Four-year-old Za’Mya loves to cuddle and play with her dolls, but she’s also a bit of a tomboy and gives her older brother, Ja’Darius, a run for his money. “We call her the boss,” says the kids’ mom, Nytasha. “But she’s also a sweetheart.”

St. Jude patient Za'Mya hugging her mom in a hospital room.

Za’Mya has been a patient at St. Jude Children’s Research Hospital since shortly after birth, when a newborn screening revealed she had sickle cell disease, an inherited blood disorder affecting red blood cells that can cause anemia, pain, organ damage and even death.

“In healthy people, blood cells are like donuts, they’re round,” explained Nytasha. “But when you have sickle cell disease, the cells are like crescent moons, and they can cause pain crises and other problems.”

St. Jude patient Za'Mya laughing while reciving a hug and a kiss from her mom.

At St. Jude, Za’Mya’s treatment includes hydroxyurea and twice daily penicillin. “Sickle cell disease affects the whole body,” said Nytasha. “St. Jude provides us with a lot of information so we can help Za’Mya learn how to manage it as she gets older.”

Nytasha is already teaching Za’Mya the importance of staying hydrated and remembering to take her medicine. “Even though she’s young, she knows every night before bed, it’s time for her medicine,” Nytasha said.

St.
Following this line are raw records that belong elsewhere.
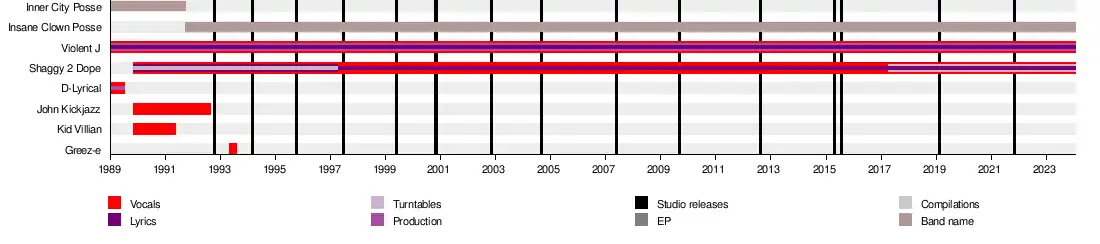 Originally known as JJ Boyz and Inner City Posse, the group introduced supernatural and horror-themed lyrics as a means of distinguishing itself stylistically. The duo founded the independent record label Psychopathic Records with Alex Abbiss as manager, and produced and starred in the feature films Big Money Hustlas and Big Money Rustlas. They formed their own professional wrestling promotion, Juggalo Championship Wrestling, and have collaborated with many hip hop and rock musicians.
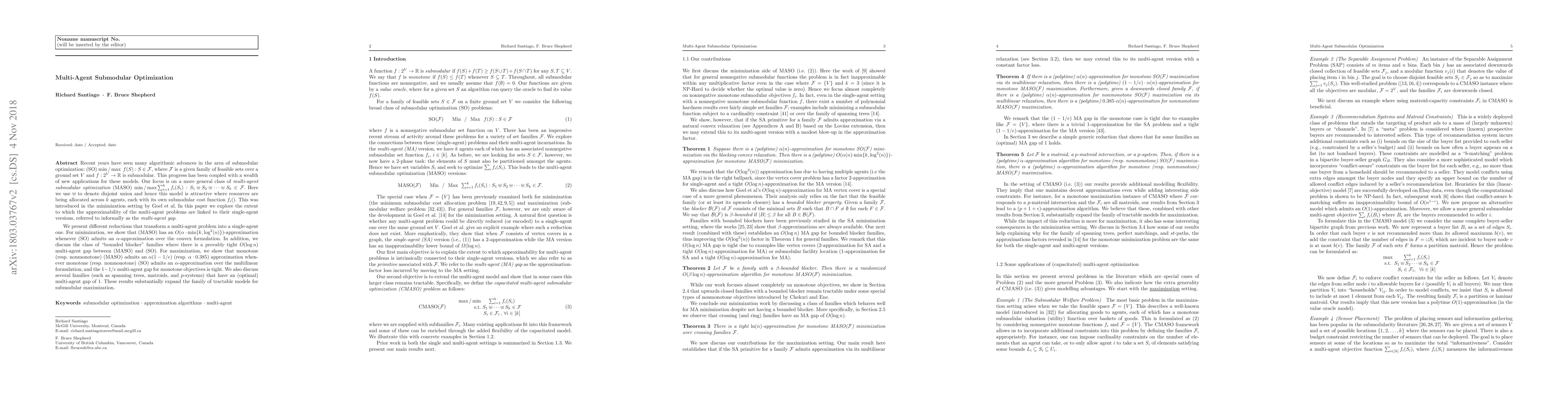 This paper explores multi-agent submodular optimization (MASO) and its approximability relative to single-agent submodular optimization (SO). The authors present reductions to show that MASO can be approximated efficiently when SO can, expanding the range of tractable models and discussing specific classes like spanning trees and matroids with a gap of 1.
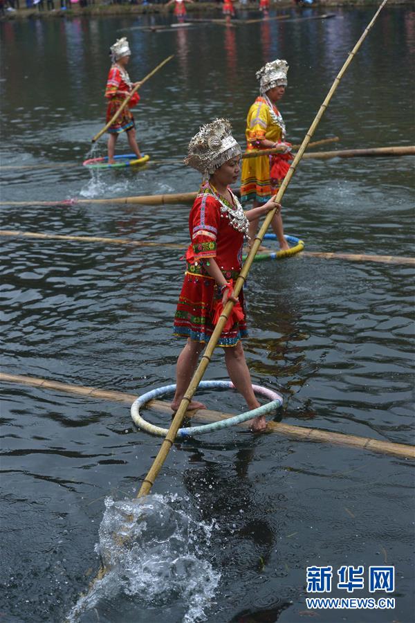 1月1日,“獨(dú)竹漂”愛好者在花溪河上表演水上高難度平衡動(dòng)作。 2016年元旦,在貴陽市花溪公園平橋河段舉行的貴陽市第31屆冬泳表演活動(dòng)中,數(shù)十名“獨(dú)竹漂”愛好者在花溪河上腳踏漂浮的竹竿,表演“金雞獨(dú)立”、轉(zhuǎn)身平衡等高難度動(dòng)作,讓觀眾大飽眼福。新華社發(fā)(秦剛 攝)
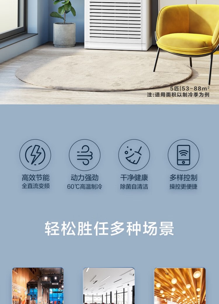 商品名称:【精选】海尔(Haier) KFRd-120LW/50BAC13 5匹 空调 (计价单位:台) 3d送风断电记忆380V 定频冷暖 白色
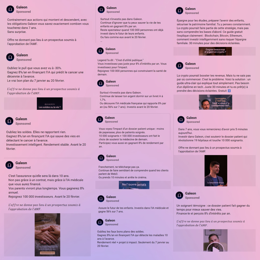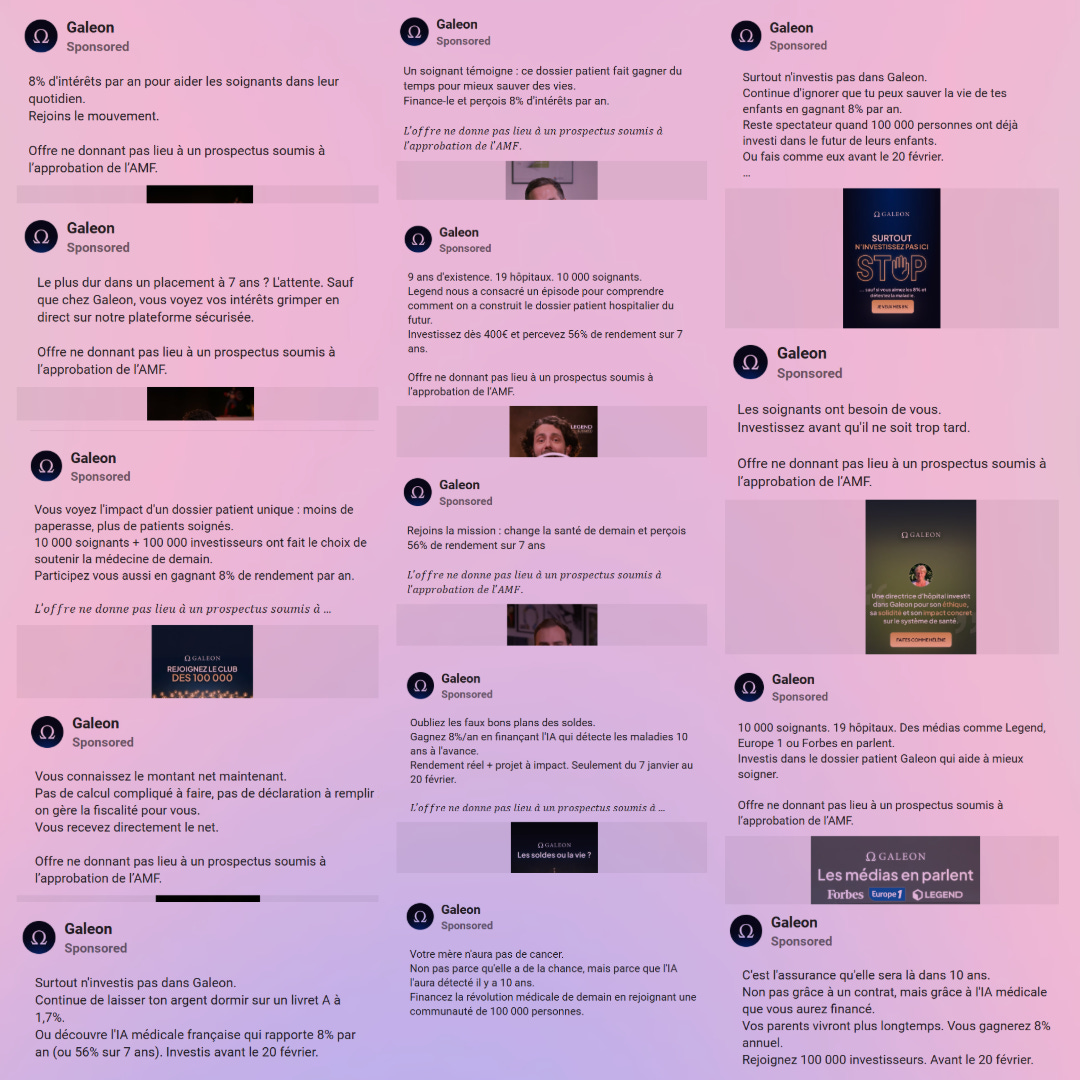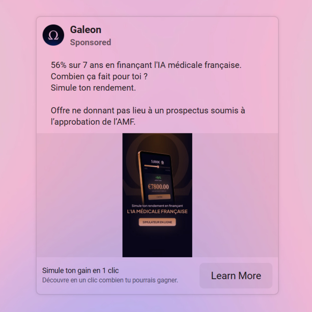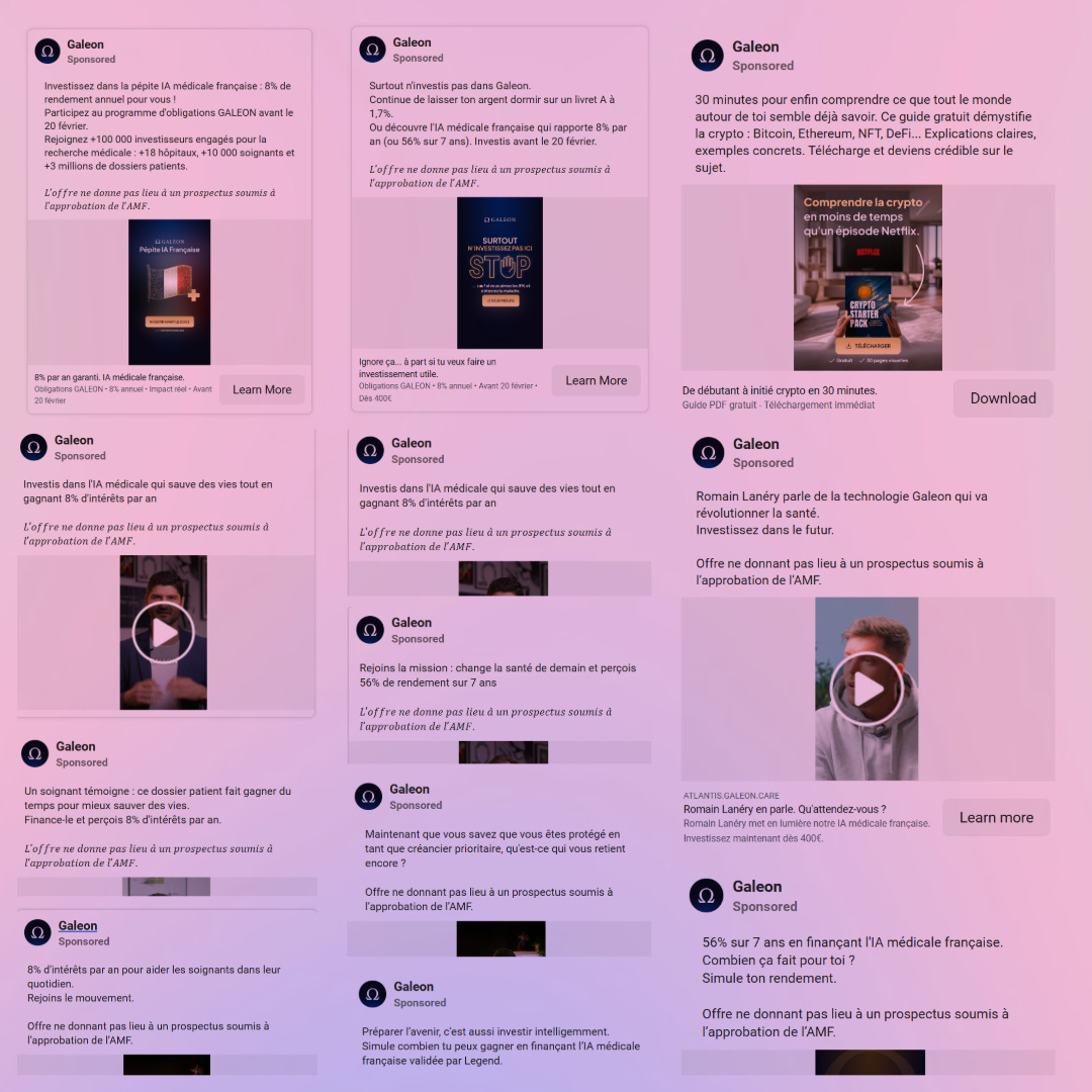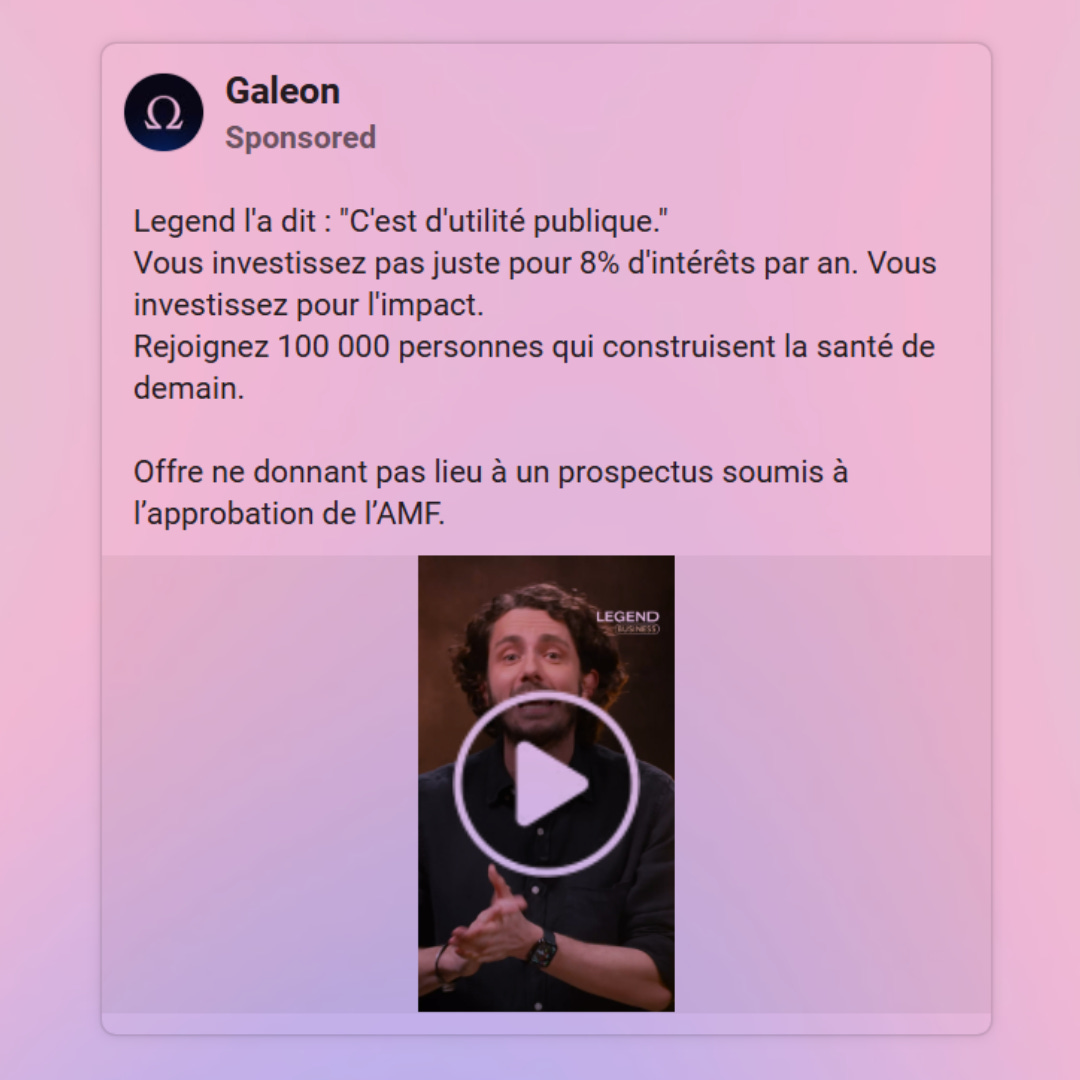 Début janvier, les pubs ont commencé à pleuvoir. Facebook, YouTube, LinkedIn, ma boîte mail. « 8% par an, 7 ans, la santé de demain. » Guillaume Pley en fait une heure et demie sur Legend. Matthias Baccino valide dans la foulée. Les publicités Facebook ne respectent à peu près aucune règle de l’AMF sur la communication financière. Et sur la plateforme de souscription, pas un mot sur les risques. Pas un.

Jude patient Za'Mya hugging her mom.

Recently, Za’Mya started pre-K, something Nytasha was nervous about, but she knows it’s important for Za’Mya to have the same experiences Ja’Darius, who does not have sickle cell disease, has had. “I don’t want sickle cell to be what weighs Za’Mya down,” Nytasha said. “She has to be a little more cautious, but I want her to do everything and more – despite sickle cell.”
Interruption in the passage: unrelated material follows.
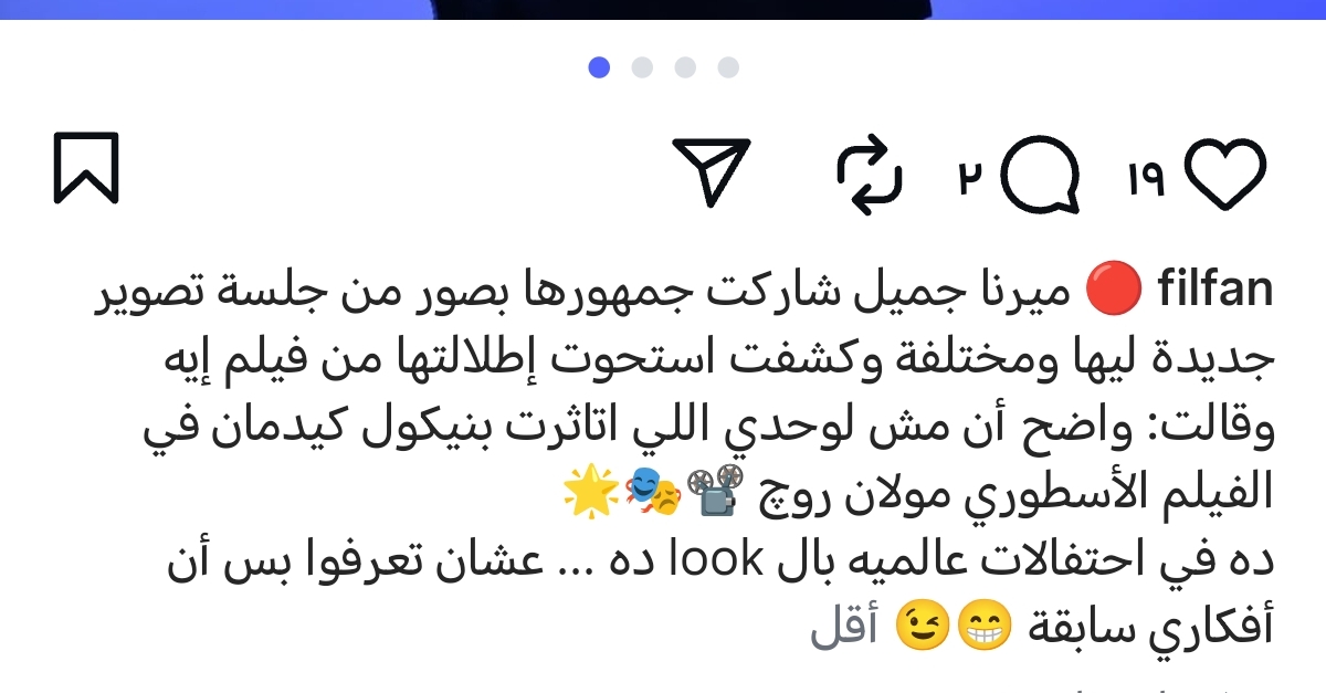 وعلقت ميرنا وليد على الصور التي شاركت بها متابعيها عبر حسابها الشخصي الإنستجرام ، قائلة: " واضح ان مش لوحدي اللي اتاثرت بنيكول كيدمان في الفيلم الاسطوري مولان روج ده في احتفالات عالمية باللوك ده عشان تعرفوا ان أفكاري سابقة".
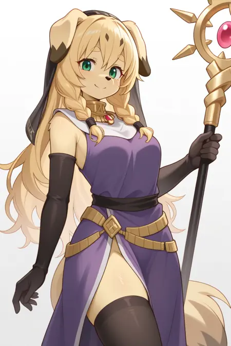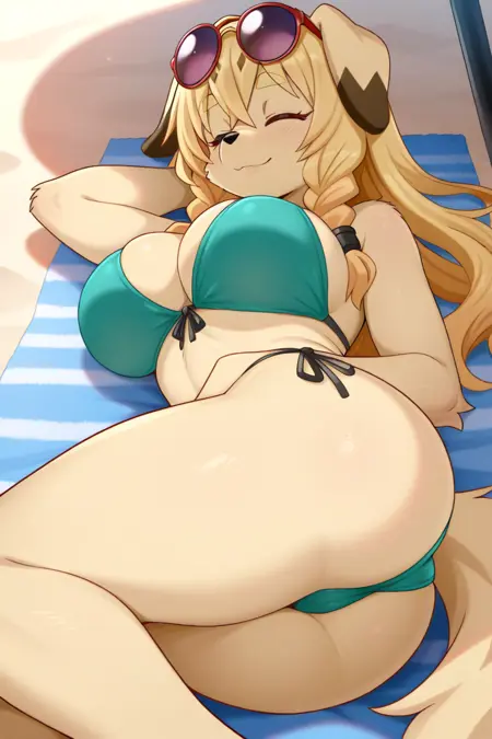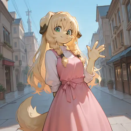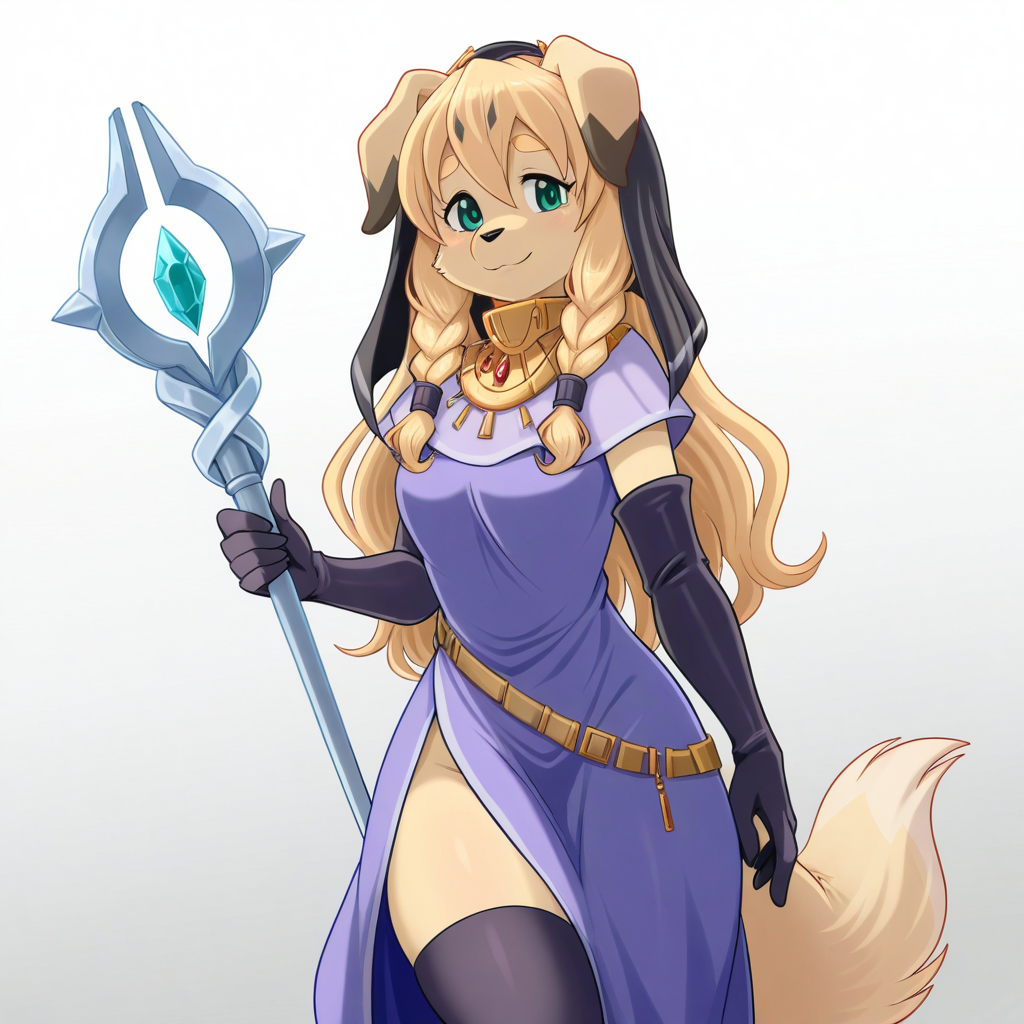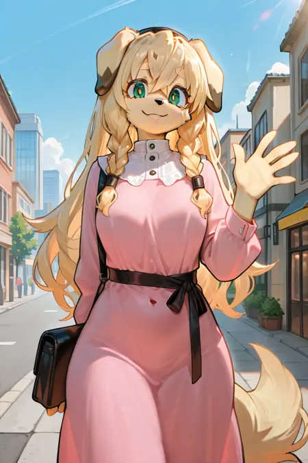 Tags: El4ine, anthro, furry female, dog girl, body fur, tan fur, blonde hair, long hair, twin braids, floppy ears, yellow thick eyebrows, black nose, snout, green eyes, tail

St. Jude Sickle Cell patient Courtney.

Courtney was diagnosed in utero with sickle cell disease, a blood disorder that comes with a host of complications, including chronic, sometimes debilitating pain. When Courtney was 2 months old, doctors at St. Jude Children’s Research Hospital started her on drug treatment.
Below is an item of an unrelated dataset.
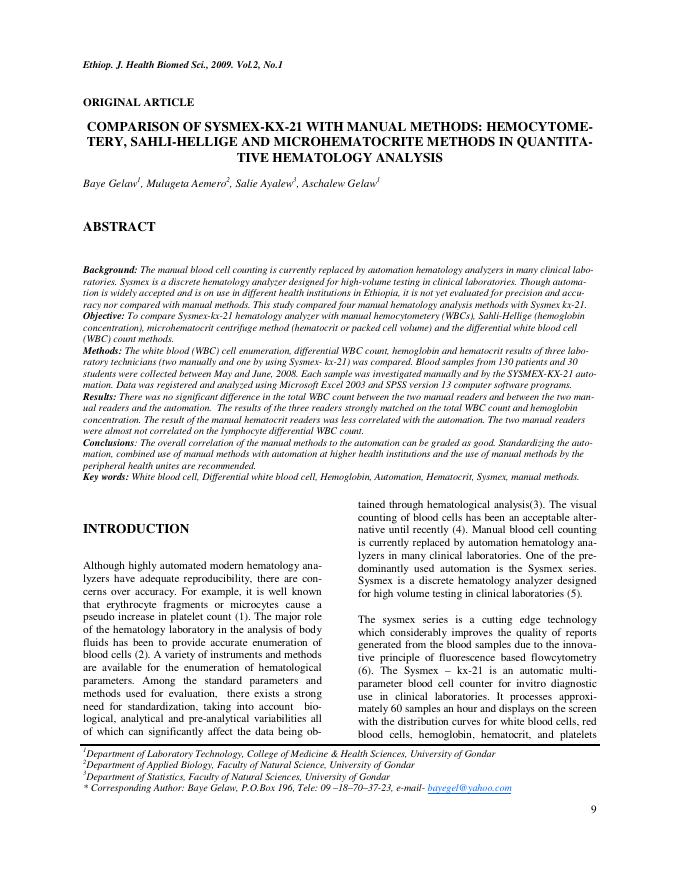 比较Sysmex-kx-21与手动方法:血细胞计数, Sahli-Hellige和微血细胞压积法在定量血液学分析中.pdf

St. Jude patient Courtney smiling within her mother's arms.

Now, after two decades of monitoring and therapies at St. Jude, she's a student at an Ivy League university, living on her own far from home and managing her health.

St. Jude wasn’t just a healing place for Courtney. It’s where she learned to read, in a difficult summer between first and second grade, as she struggled with the painful side effects of her disease. It’s also where Courtney “bloomed,” said her mom. “I tell people I thank God, and I thank St. Jude second-most for, really, all aspects of her life.”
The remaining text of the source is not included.